* [Supplied information]
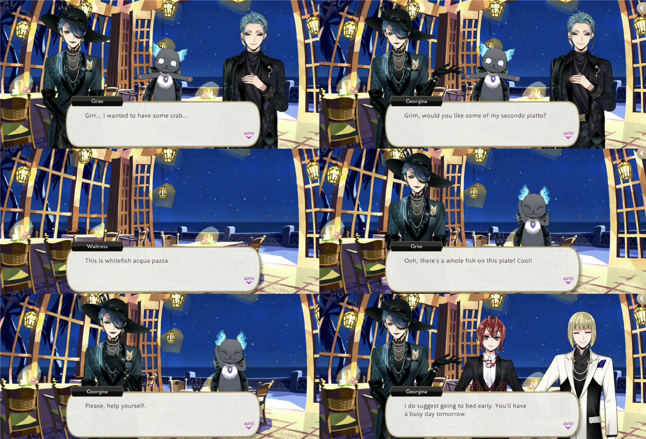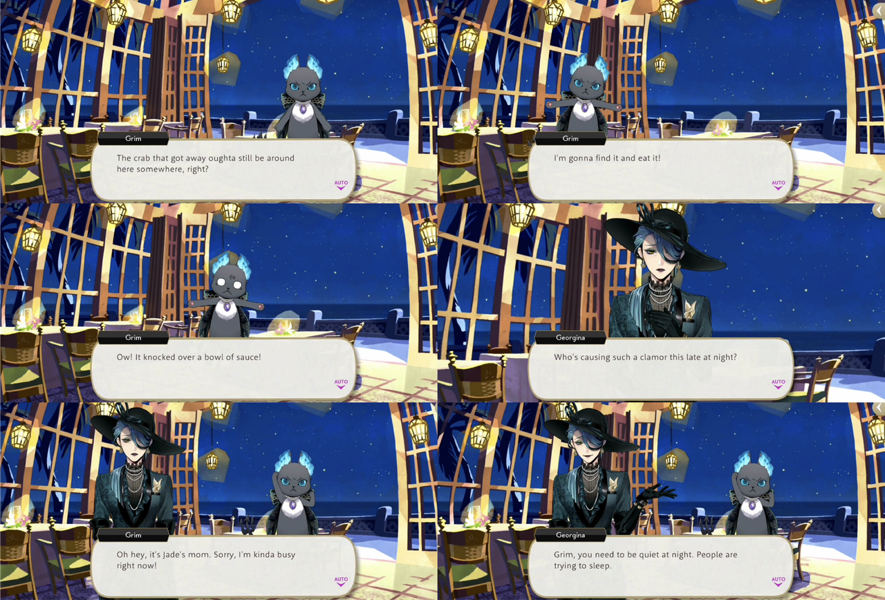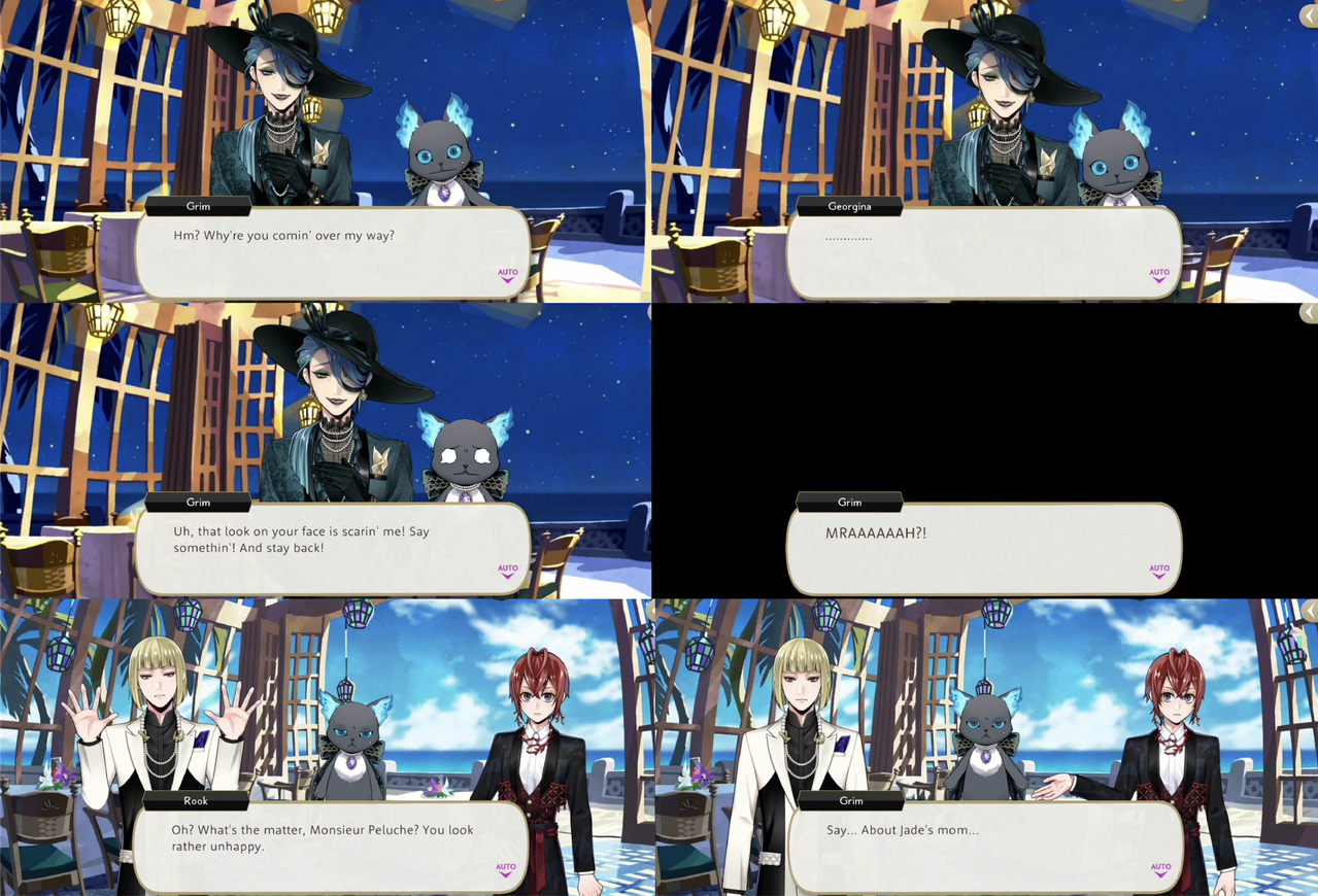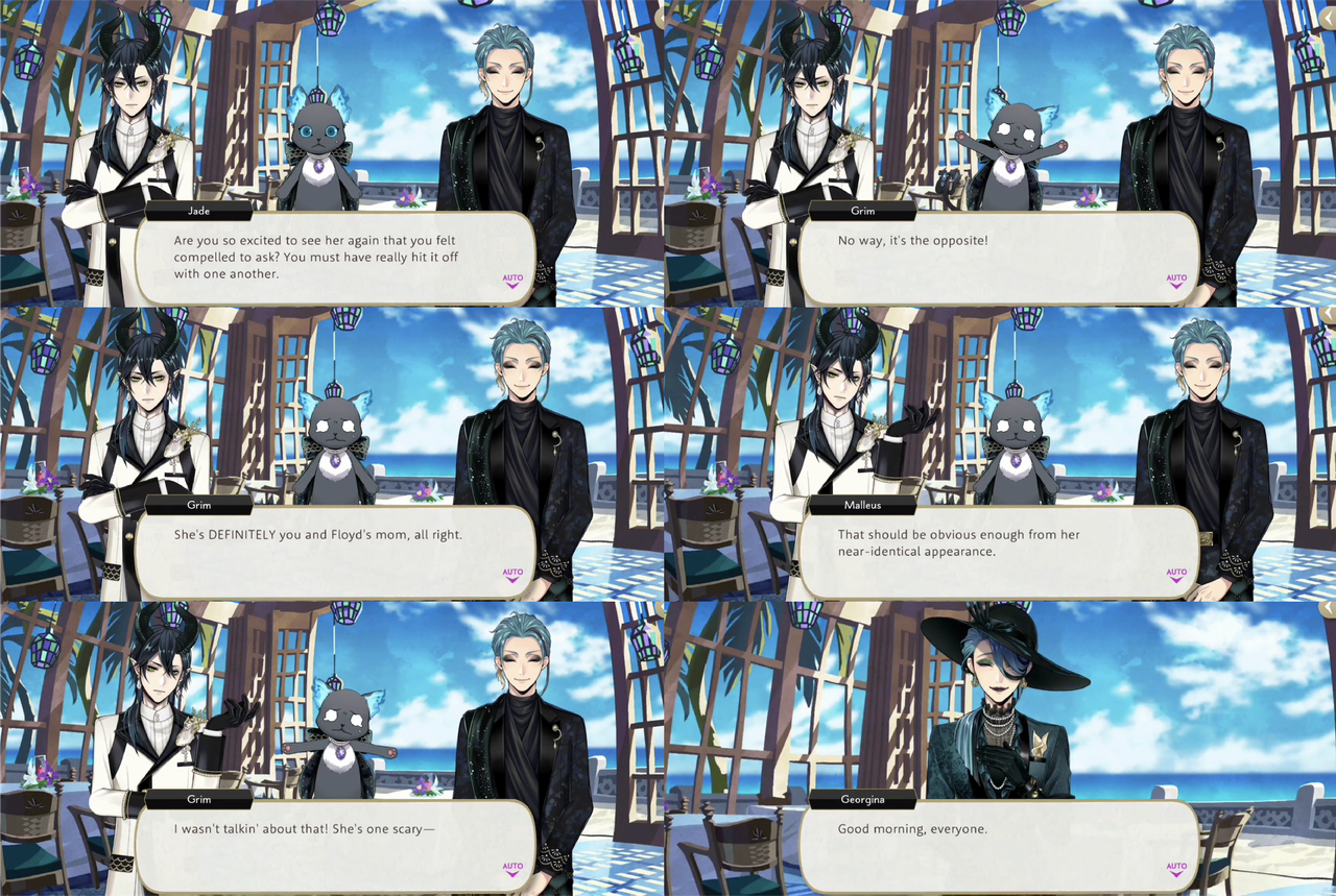 The following morning Rook comments Grim looks “rather unhappy,” and Jade asks if Grim is excited to see his mother again. Grim says “it’s the opposite,” and, “She’s DEFINITELY you and Floyd’s mom, all right,” but does not elaborate beyond, “She’s one scary—,” at which point he is interrupted by Georgina herself.
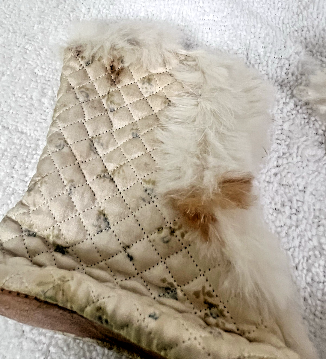 Antique Victorian White Silk Quilted Baby Boots Rabbit Fur Trim Leather Soles
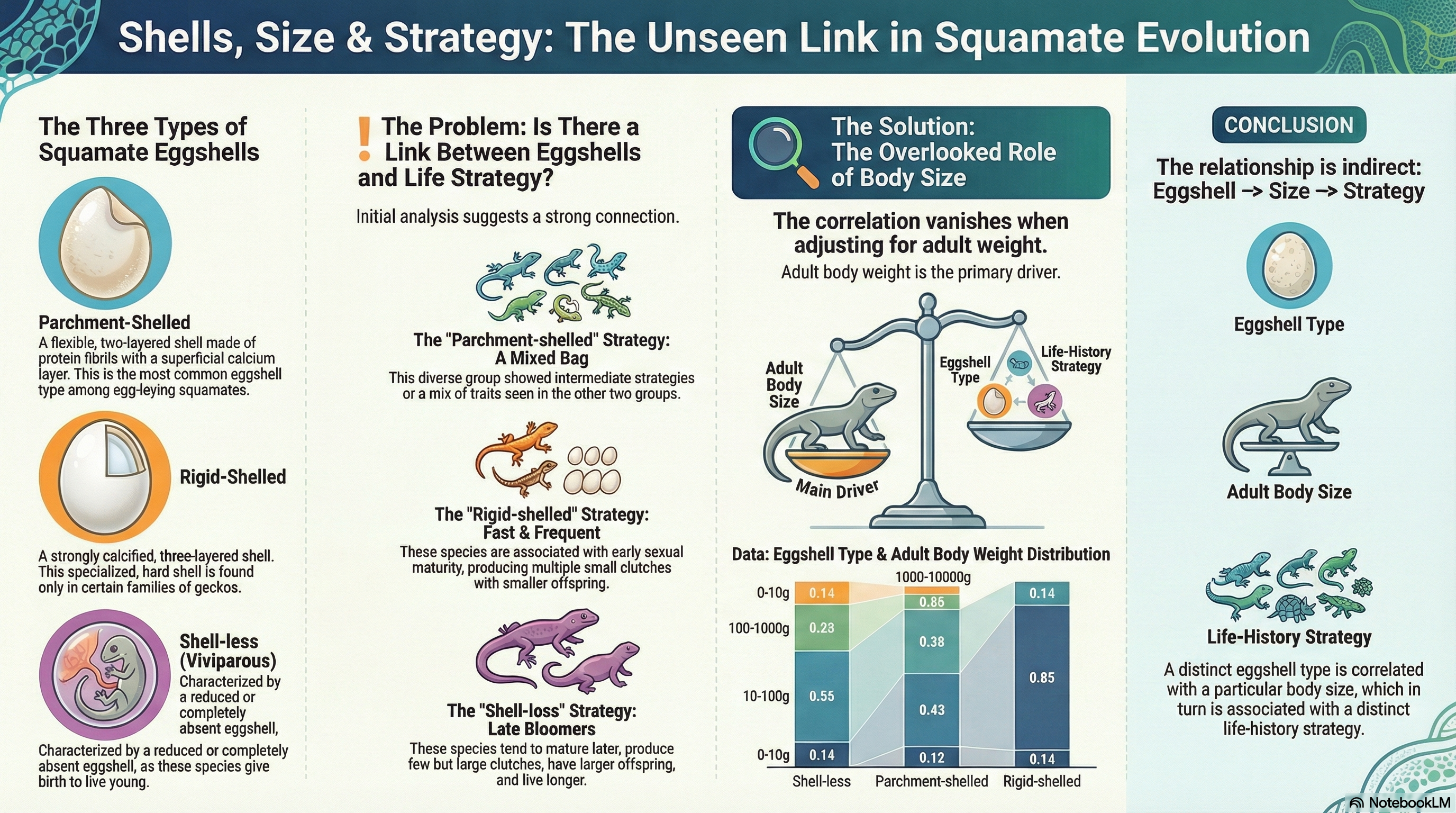 Eggshell types and their evolutionary correlation with life-history strategies in squamates.

* [Exercise requirements]
Starting with the opening line of the listing, write out each line exactly until the line that contains "Antique Victorian White" has been included; skip the pictures.

* [Answer below]
 The following morning Rook comments Grim looks “rather unhappy,” and Jade asks if Grim is excited to see his mother again. Grim says “it’s the opposite,” and, “She’s DEFINITELY you and Floyd’s mom, all right,” but does not elaborate beyond, “She’s one scary—,” at which point he is interrupted by Georgina herself.
 Antique Victorian White Silk Quilted Baby Boots Rabbit Fur Trim Leather Soles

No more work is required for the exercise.